[Provided entries — start]

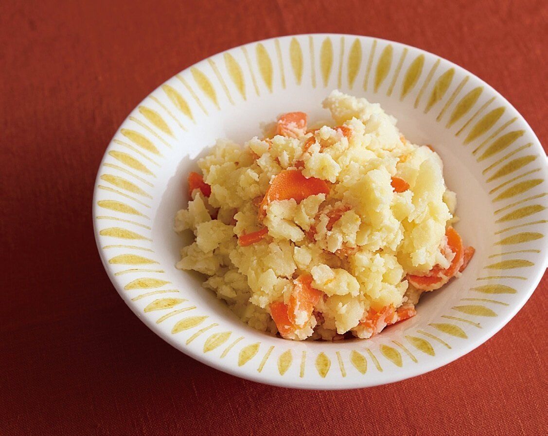 じゃがいもは1個を8等分に切って水にさっとさらす。にんじんは薄い半月切りにする。耐熱皿にじゃがいもとにんじんをのせてラップをふんわりと掛け、電子レンジで5分加熱する。レンジにそのまま5分おいてからボウルに移し、フォークでざっくりつぶす。[A]を加えて混ぜる。
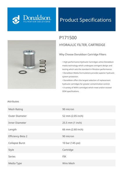 Genuine Donaldson P171500 Hydraulic Filter, Cartridge is designed to provide superior protection for your hydraulic system, effectively capturing contaminants to ensure clean fluid circulation. With high-quality filtration media, it extends equipment life, improves operational efficiency, and maintains fluid cleanliness even in the most demanding environments.
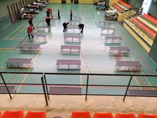 Camas cedidas por Cruz Roja para personas sin hogar en el pabellón deportivo de La Salobreja - CRUZ ROJA
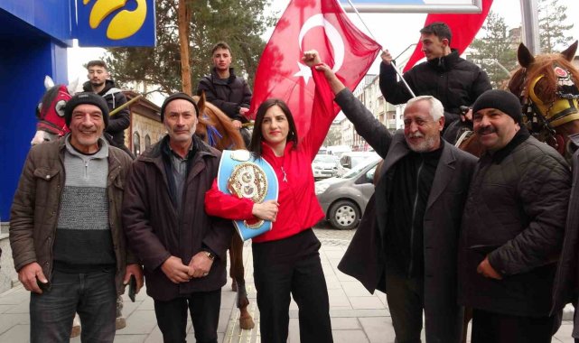 IBF Hafif Sıklet Dünya Şampiyonluğu unvan maçında rakibini nakavt ederek altın kemerin sahibi olan milli boksör Elif Nur Turhan, memleketi Bayburt'ta davul zurna ve atlar eşliğinde coşkuyla karşılandı.
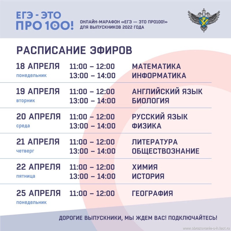 Новости «ЕГЭ — это про100!» 13.04.2022 / 18 апреля стартует онлайн-марафон «ЕГЭ — это про100!» для выпускников 2022 года. Трансляции будут проходить в официальных аккаунтах Рособрнадзора:ВКонтакте https://vk.com/rosobrnadzorRutube https://rutube.ru/channel/25110944/
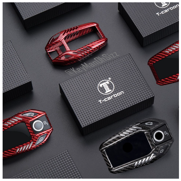 เคสรีโมทรถ BMW LCD Screen คาร์บอนไฟเบอร์แท้ T-Carbon พร้อมแผ่นใสกันรอย Protective TPU Film (Top Product ; Carbon Fiber Key Case) Key Sets ; BMW Key Case 7 Series 740 , 6 Series GT Car, Smart New 5 Series 530i x3 LCD Screen Car Key Case
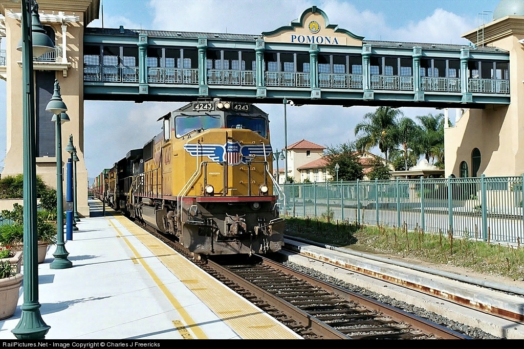 Eastbound stacks on the LA Sub pass under the Pomona footbridge, which spans both the LA Sub and the Alhambra Sub. On the right is the Southern Pacific station. The footbridge, which has become iconic in the decade or so since it was built for Metrolink, is intended to provide Metrolink commuters access to the the Pomona TransCenter, a bus station that utilizes the SP depot. SD70M #4243 was delivered to the UP from EMD on October 19, 2000, as part of an order of 285 units.
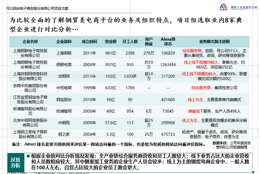 2、外部對(duì)標(biāo)。通過與目前發(fā)展較為成熟大宗商品電商平臺(tái)對(duì)標(biāo),探究其組織發(fā)展、部門崗位設(shè)置、各部門人員結(jié)構(gòu)比例等規(guī)律,設(shè)計(jì)鋼谷的組織架構(gòu)。

[Provided entries — finish]

• **What is being asked**
Leaving the pictures aside, output each entry above exactly as written.

• **Answer to the exercise**
 じゃがいもは1個を8等分に切って水にさっとさらす。にんじんは薄い半月切りにする。耐熱皿にじゃがいもとにんじんをのせてラップをふんわりと掛け、電子レンジで5分加熱する。レンジにそのまま5分おいてからボウルに移し、フォークでざっくりつぶす。[A]を加えて混ぜる。
 Genuine Donaldson P171500 Hydraulic Filter, Cartridge is designed to provide superior protection for your hydraulic system, effectively capturing contaminants to ensure clean fluid circulation. With high-quality filtration media, it extends equipment life, improves operational efficiency, and maintains fluid cleanliness even in the most demanding environments.
 Camas cedidas por Cruz Roja para personas sin hogar en el pabellón deportivo de La Salobreja - CRUZ ROJA
 IBF Hafif Sıklet Dünya Şampiyonluğu unvan maçında rakibini nakavt ederek altın kemerin sahibi olan milli boksör Elif Nur Turhan, memleketi Bayburt'ta davul zurna ve atlar eşliğinde coşkuyla karşılandı.
 Новости «ЕГЭ — это про100!» 13.04.2022 / 18 апреля стартует онлайн-марафон «ЕГЭ — это про100!» для выпускников 2022 года. Трансляции будут проходить в официальных аккаунтах Рособрнадзора:ВКонтакте https://vk.com/rosobrnadzorRutube https://rutube.ru/channel/25110944/
 เคสรีโมทรถ BMW LCD Screen คาร์บอนไฟเบอร์แท้ T-Carbon พร้อมแผ่นใสกันรอย Protective TPU Film (Top Product ; Carbon Fiber Key Case) Key Sets ; BMW Key Case 7 Series 740 , 6 Series GT Car, Smart New 5 Series 530i x3 LCD Screen Car Key Case
 Eastbound stacks on the LA Sub pass under the Pomona footbridge, which spans both the LA Sub and the Alhambra Sub. On the right is the Southern Pacific station. The footbridge, which has become iconic in the decade or so since it was built for Metrolink, is intended to provide Metrolink commuters access to the the Pomona TransCenter, a bus station that utilizes the SP depot. SD70M #4243 was delivered to the UP from EMD on October 19, 2000, as part of an order of 285 units.
 2、外部對(duì)標(biāo)。通過與目前發(fā)展較為成熟大宗商品電商平臺(tái)對(duì)標(biāo),探究其組織發(fā)展、部門崗位設(shè)置、各部門人員結(jié)構(gòu)比例等規(guī)律,設(shè)計(jì)鋼谷的組織架構(gòu)。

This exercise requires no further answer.